Eu sou uma mulher trans trancada em uma prisão masculina. Estou lutando para ser livre

Em um editorial, Ashley Diamond descreve o tratamento inconstitucional ao qual ela teria sido submetida no Departamento de Correções da Geórgia. Diamond, que entrou com uma ação alegando ter sido agredida e abusada sexualmente em uma prisão masculina, diz que continuará lutando por sua liberdade e pela libertação de todas as pessoas trans encarceradas. O GDC se recusou a comentar sobre este artigo quando contatado, citando litígios em andamento.



Eles me colocaram na primeira cela, perto da entrada do quarteirão. Não é um bom lugar para uma mulher trans em uma prisão masculina. Com todos passando constantemente, capazes de me olhar pela janelinha na minha porta, sinto que estou sempre em exibição. É a pequena célula usual; uma cama, vaso sanitário de aço, pia e um pequeno armário de metal que guarda todas as minhas posses mundanas. Há um vitral no alto que fica tão frio que as paredes suam. Eu tenho uma foto de Whitney Houston colada ao lado da minha cama. Ela me traz conforto, mas eu definitivamente não me sinto segura.

Fui agredida e abusada sexualmente 16 vezes no último ano e meio, inclusive por guardas. Eles colocaram uma mulher em uma prisão masculina. O que eles achavam que aconteceria? Até onde sei, nenhuma das pessoas que me agrediram foi punida. Os oficiais me chamam de ele-ela-isso e aberração. As pessoas cujo trabalho é me proteger me tratam como se eu fosse descartável. A maneira como a Geórgia me trata e a outros prisioneiros trans é um abuso sistêmico de poder, autoridade e decência moral.



Defender minha comunidade é difícil - nossa sociedade desvaloriza e descarta mulheres negras trans — e as pessoas que têm poder sobre minha vida me punem por falar abertamente.

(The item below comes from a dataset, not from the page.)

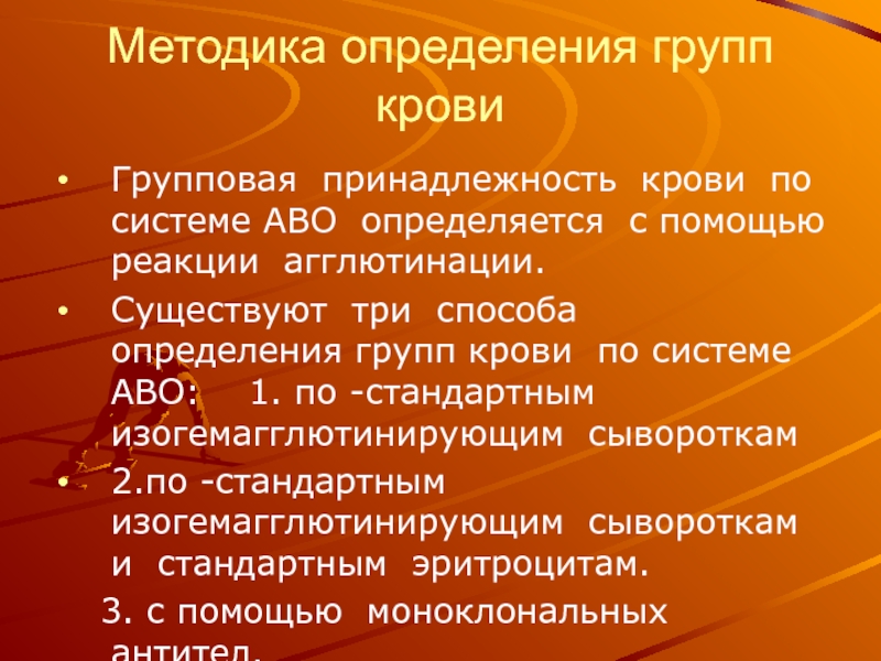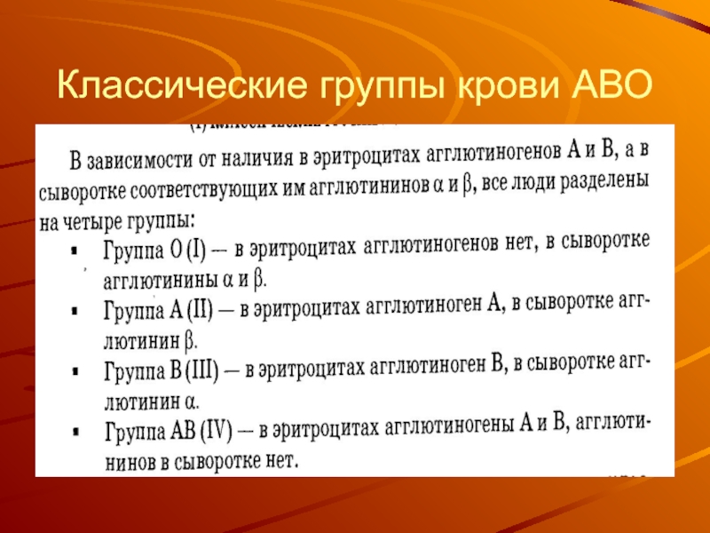медицине термин « группа крови»,как правило, отражает сочетание эритроцитарных антигенов системы АВО и резус- фактора и соответствующих антител в сыворотке крови.

Mas com todas as ameaças e injustiças enfrentadas pelas pessoas trans, e especialmente as pessoas trans de cor agora, não temos escolha a não ser lutar.

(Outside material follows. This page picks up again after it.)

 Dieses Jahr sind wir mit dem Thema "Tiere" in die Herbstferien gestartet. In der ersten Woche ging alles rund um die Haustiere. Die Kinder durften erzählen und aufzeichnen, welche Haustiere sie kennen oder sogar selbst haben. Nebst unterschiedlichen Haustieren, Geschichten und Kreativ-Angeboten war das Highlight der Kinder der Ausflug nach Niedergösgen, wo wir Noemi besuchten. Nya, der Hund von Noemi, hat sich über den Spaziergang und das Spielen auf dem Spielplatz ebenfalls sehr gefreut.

Não era assim que eu imaginava minha vida se transformando. Nasci em 1978 em uma grande família batista do sul em Roma, Geórgia. Eu sabia que era diferente em uma idade muito jovem. Mesmo não sabendo o que era ser trans, me identifiquei com a personagem feminina principal do desenho Jem e os hologramas. Ela tinha duas identidades: a proprietária da gravadora Jerrica Benton e seu alter-ego, o cantor Jem, cuja imagem ela podia projetar em seu rosto e corpo com tecnologia especial em seus brincos. Essa foi a primeira vez que vi alguém capaz de mudar a forma como se apresenta ao mundo e assumir uma nova identidade, e eu sabia que queria poder fazer isso também.

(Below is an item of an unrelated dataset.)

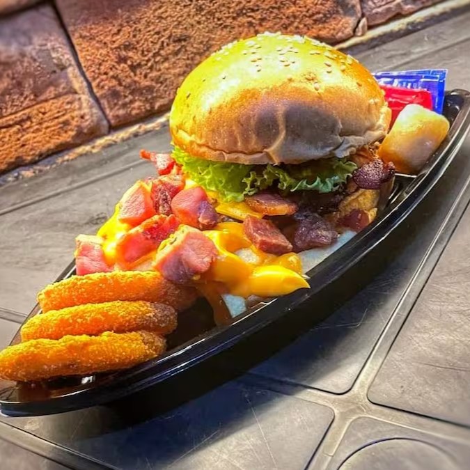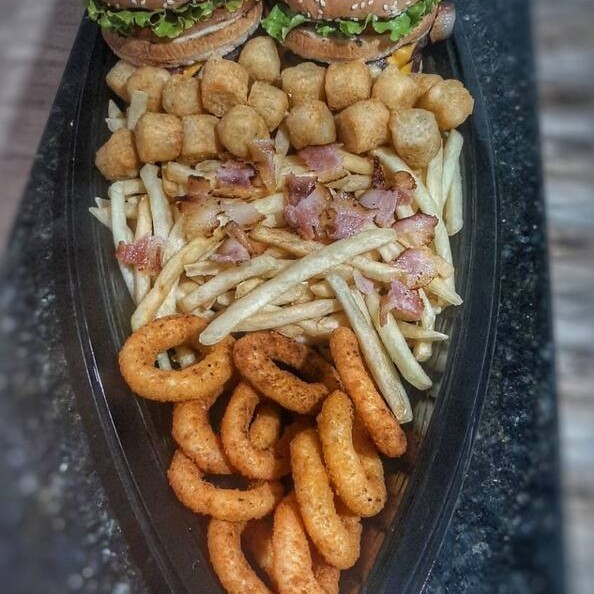 * 2 Burguer a sua escolha + 300g batata frita + bacon + 150g onions rings+150g mandioquinha + molhos

Quando meu pai morreu em 2000, assumi o papel de chefe de nossa casa, sustentando minha mãe e meus três irmãos. Mas como uma mulher trans, era difícil ser contratada e difícil manter um emprego depois que meus empregadores descobriram. Certa vez, fui contratado para trabalhar na seção de maquiagem de uma grande rede de varejo. Eu tive que trazer minha identidade e, no final do dia, um gerente veio e me disse que eu havia mentido na minha inscrição quando disse que era mulher, então fui contratada sob falsos pretextos. Eles me deram $ 23,17 do caixa e me disseram para não voltar.

“Defender minha comunidade é difícil – nossa sociedade desvaloriza e descarta mulheres trans negras – e as pessoas que têm poder sobre minha vida me punem por falar. Mas com todas as ameaças e injustiças enfrentadas pelas pessoas trans, especialmente as pessoas trans de cor agora, não temos escolha a não ser lutar.'



As rejeições foram tão desmoralizantes. A certa altura, o único trabalho que consegui foi vestir uma fantasia de cachorro-quente. Lembro-me de suar dentro daquele cachorro-quente e pensar que tinha que haver mais na vida do que isso.

Depois de anos sem oportunidades, fui presa e acusada de roubo por penhorar uma serra elétrica usada que meu namorado havia roubado e que valia menos de US$ 200 nova. Fui condenado a 12 anos de prisão por um juiz que me tratou com hostilidade aberta e me disse que eu não pertencia à nossa cidade.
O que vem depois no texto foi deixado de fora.